Observability is a hot topic in the IT world these days. It is oftentimes discussed through the lens of the “three pillars of observability”: Logs, Metrics and Traces. These pillars help us understand what happened, where it happened and why it happened in our system:
Metrics help detect the issues and tell what happened: Is the service down? Was the endpoint slow to respond? Metrics are aggregated numerical data that lends itself to spotting abnormal behavior.
Next, Logs help diagnose the issues and tell why they happened. Logs are perfect for that job, as the developer who writes application code outputs all the relevant context for that code into logs.
Finally, traces help isolate issues and tell where they happened. As a request comes into the system, it flows through a chain of interacting microservices, which we can trace using distributed tracing, to pinpoint the issues.

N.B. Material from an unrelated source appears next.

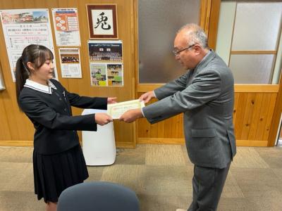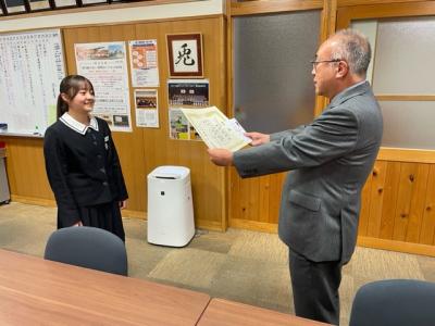 本日、金沢地区納税貯蓄組合連合会会長の金谷道憲様、事務局長の笠森諭様が来校され、河北郡市会長賞を受賞した3年の中野良梛さんに賞状と副賞が手渡されました。

Indeed these telemetry signals are very important for gaining observability. However they are, by themselves, not Observability. In fact, many organizations collect all these signals, and still end up with poor observability. Why’s that?
Perhaps the problem starts with the way we define Observability.

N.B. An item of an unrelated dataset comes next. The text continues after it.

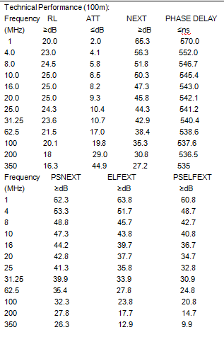 • ISO/IEC 11801 Ed. 2.0 (Class EI)

So what is Observability about?
The formal definition of Observability, taken from Control Theory, is:
“a measure of how well internal states of a system can be inferred from knowledge of its external outputs.”
This definition may have driven people to put great emphasis on the external outputs, the signals that our systems emit, the raw data. The other important element in that definition was too often overlooked: the inference process.

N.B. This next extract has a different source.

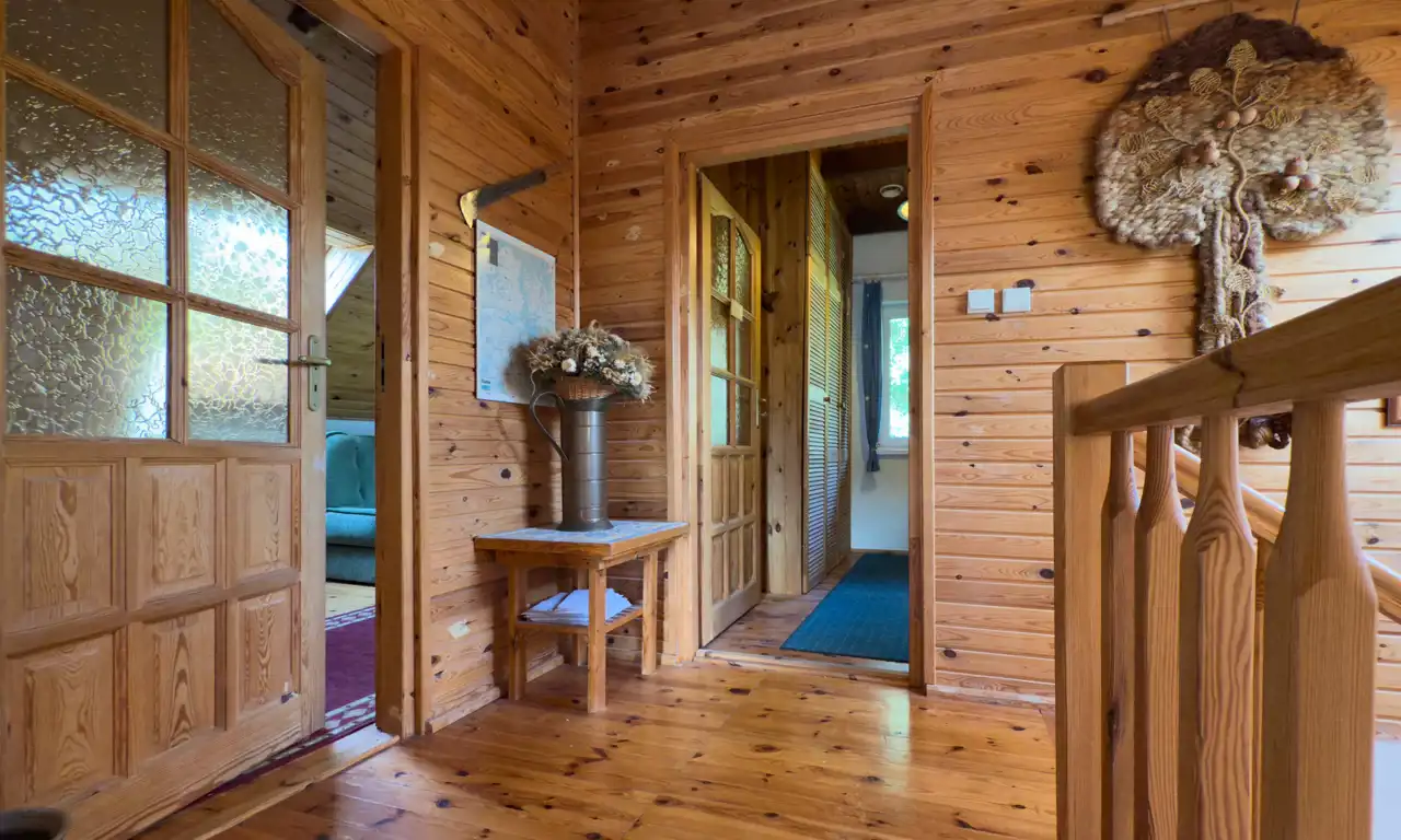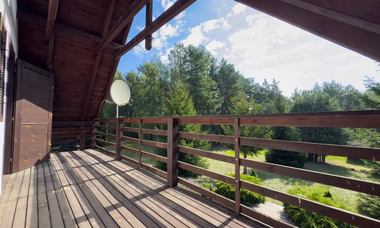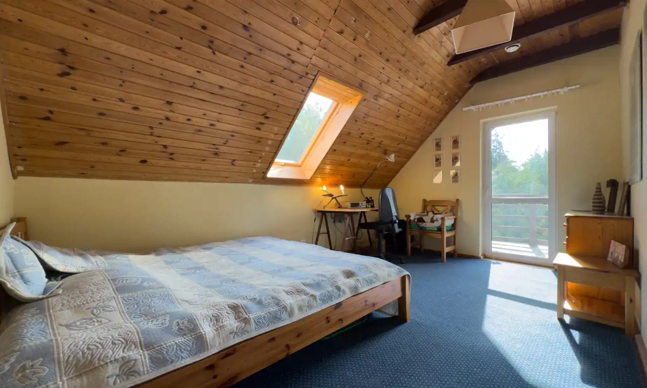 Piętro to cztery sypialnie, a z dwóch z nich można wyjść na zadaszone balkony, gdzie w spokoju odpoczniesz z książką lub filiżanką kawy, podziwiając otaczający las. Dodatkowo dom posiada poddasze, które pełni funkcję praktycznej przestrzeni do przechowywania.

A more useful definition of observability for a software systems is:
“The capability to allow a human to ask and answer questions about the system”.
I like this definition for two important reasons:
First, it makes it clear that Observability is a property of the system. It might sound trivial, but it’s important as it drives a different mindset from traditional monitoring solutions that we used to bolt on in the aftermath. Being a system property means you should incorporate observability as part of the system design, as a first-level citizen, from Day-1. This draws practical implications that I’ll touch upon later.
It’s about answering ad-hoc questions
The second reason I like the above definition for Observability better is that it makes it clear that observability is essentially a data analysis problem: the more questions we can ask and answer about the system, the more observable it is. This, as well, calls for a different mindset: rather than the sysadmin’s relatively reactive monitoring and maintenance mindset, observability calls for a data analyst mindset, proactively querying to get the right insights from their systems.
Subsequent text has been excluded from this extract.